We thank J.B. Li and members of R.Z.’s laboratory for critical discussion of the project and L. Wu for manuscript editing. We thank SYSU Ecology and Evolutionary Biology Sequencing Core Facility for the sequencing service. This study was supported by grants from the National Key R&D Program of China (no. 2018YFC1003100), Guangdong Major Science and Technology Projects (no. 2017B020226002 to R.Z.), Guangdong Innovative and Entrepreneurial Research Team Program (no. 2016ZT06S638 to R.Z.) and National Natural Science Foundation of China (nos. 91631108 and 31571341 to R.Z.).

Author information

Authors and Affiliations

Authors

Contributions

R.Z. conceived the project. T.H. and W.C. conducted the experiments. J.L performed the bioinformatics analysis. J.L, T.H., W.C., N.G. and R.Z. wrote the manuscript.

Corresponding author

Correspondence to Rui Zhang.

Ethics declarations

Competing interests

The authors declare no competing interests.

Additional information

Publisher’s note: Springer Nature remains neutral with regard to jurisdictional claims in published maps and institutional affiliations.

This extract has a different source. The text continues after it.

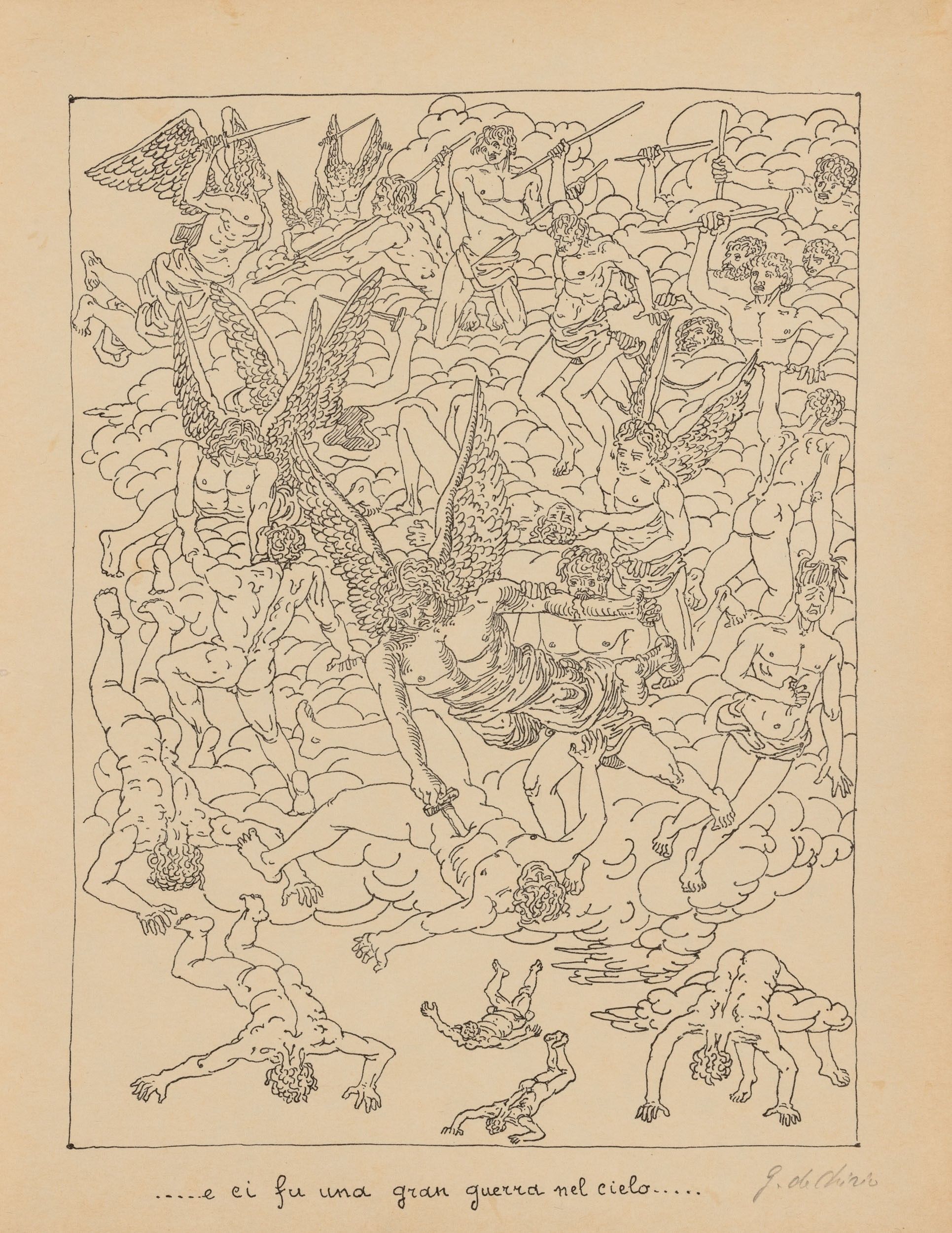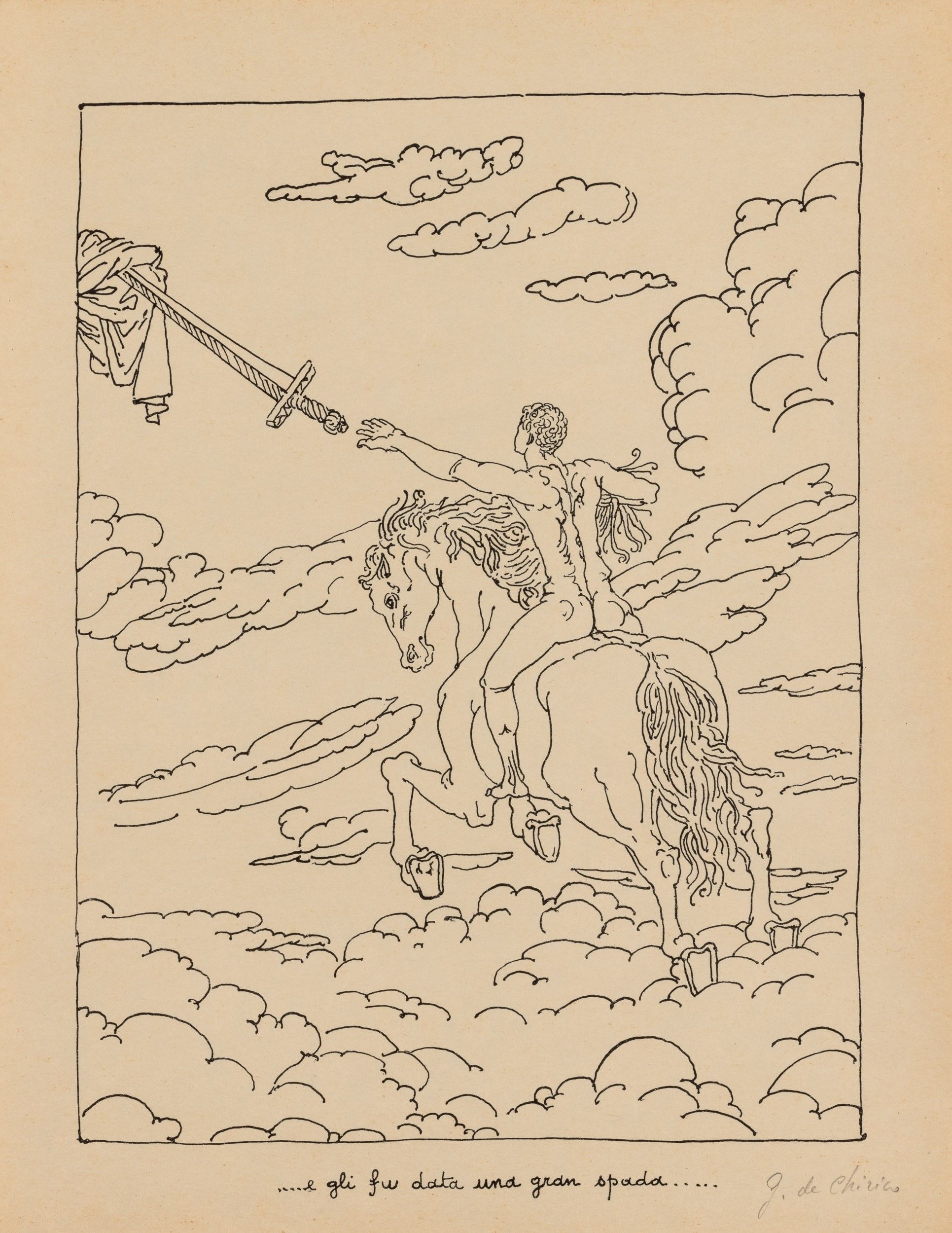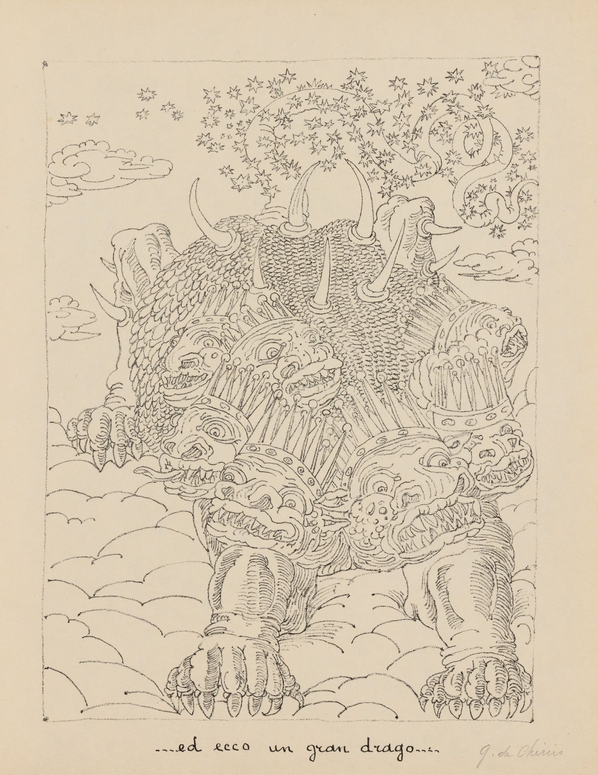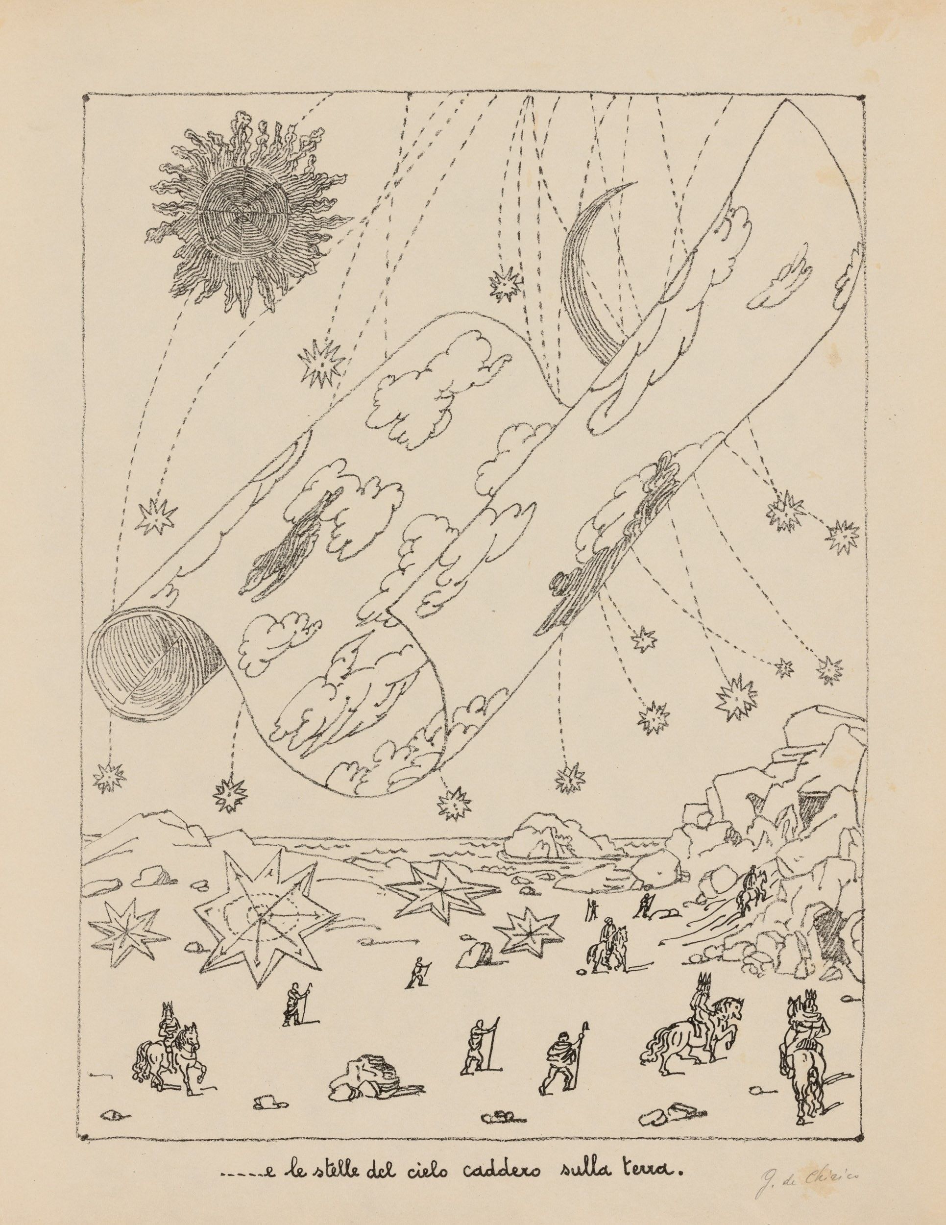 venti litografie tirate a mano nello studio di Piero Fornasetti, Largh. 27,4 - Alt. 35 Cm 1941 ciascuna litografia è firmata in basso a destra Edizioni Della Chimera, Milano 1. Io sono l'Alfa e l'Omega 2. Qualcuno, simile ad un figliolo d'uomo 3. Ed ecco un trono stava nel cielo 4. E gli fu data una corona 5. Il suo nome e' Morte e L'Orco lo accompagnava 6. E gli fu data una grande spada 7. Aveva una bilancia nella sua mano 8. E le stelle caddero sulla Terra 9. Sette Angeli provvisti di sette pieghe 10. E mi disse: prendi a divoralo! 11. E ci fu una grand guerra nel cielo 12. Una donna ravvolta nel sole 13. Ed ecco un gran drago 14. E vidi una bestia salire dal mare 15. Gridando a gran voce a colui che e' seduto sulla nuvola 16. Dopo questo, vidi una grande folla 17. Ed ecco un cavallo bianco 18. La nuova Gerusalemme discende dal cielo 19. Un fiume d'acqua viva 20. Caddi per adorare ai piedi dell'angelo

Integrated supplementary information

Supplementary Fig. 1 Evaluation of the sequencing mappers and RNA bisulfite treatment conditions.

(a) Comparison of different sequencing mappers. The mapping efficiency and accuracy of different mappers evaluated with 100 bp (left) or 50bp (right) simulated paired-end reads. Simulated reads were generated by R package polyester. Six mapping strategies were tested: Bowtie2 (2.2.9), HISAT2 (2.10.0), HISAT2 plus Bowtie2, meRanGh (HISAT2-2.0.4) and meRanGs (STAR-2.5.2b) from meRanTK-1.20, and BS-RNA (2.10.0). The mapping rates were shown on the y axis. Pseudogene means that the simulated reads generated from pseudogenes were mapped to their parent genes. Despite these reads were not mapped to their original genomic coordinates, they may not be considered as incorrect mapping. (b) Comparison of the coverage of each ERCC mix between medium-stringency condition and high-stringency condition. The coverages were normalized by all detected ERCC reads of each library (Methods). The concentrations of the ERCC mixes reported in the manufacturer’s protocol were shown on the x axis. Each concentration contains several ERCC transcripts. (c) The distribution of the coverage across the in vitro transcribed transcript. The coverage is normalized by the total base count of the in vitro transcript. Dashed lines indicate the positions of the 5 Cs. C380 was omitted because of the significant decrease of sequenced depth, which indicates the failure of synthesis of the full-length transcript.

Supplementary Fig. 2 Characterizing the conversion rate, C-reads and m5C site distribution in different studies.

(a) Comparison of conversion rates among different studies. The raw sequencing data from all studies were mapped using our pipeline and all annotated transcripts were used to estimate the overall conversion rate. Conversion rates estimated using ERCC mixes were also shown in our samples. Annot., all genes from Ensembl annotation. (b) The cumulative distributions of C-reads among different studies. The number of Cs (C-content) in each C-read was shown on x axis. A lowly converted sample and a highly converted sample in this study, along with three samples from other studies were shown as examples. The rankings of the samples based on the overall conversion rate in the studies were given in parentheses. Forward (blue) and reverse (orange) reads were plotted separately. The dashed line indicates C-content of 3. c, Comparison of gene-specific conversion rates among BS-seq data generated by different methods. The distributions of gene-specific conversion rates in samples constructed by different BS-seq library construction protocols. The same 5 samples as in b were shown as examples. Genes with two C-position coverage cutoffs were shown: >1,000 (grey) and >10,000 (blue). Overall conversion rate (orange) and conversion rate estimated by ERCC mixes (red) were indicated as dashed lines. d, Stacked barplot showing the number of genes with different numbers of putative m5C sites. Sites reported in the original studies were used for analysis. The mRNA m5C site list of Legrand et al. is not available. e, Stacked barplot showing the number of m5C sites in different cluster statuses (Methods). f, Barplot showing the Gini coefficient in each sample.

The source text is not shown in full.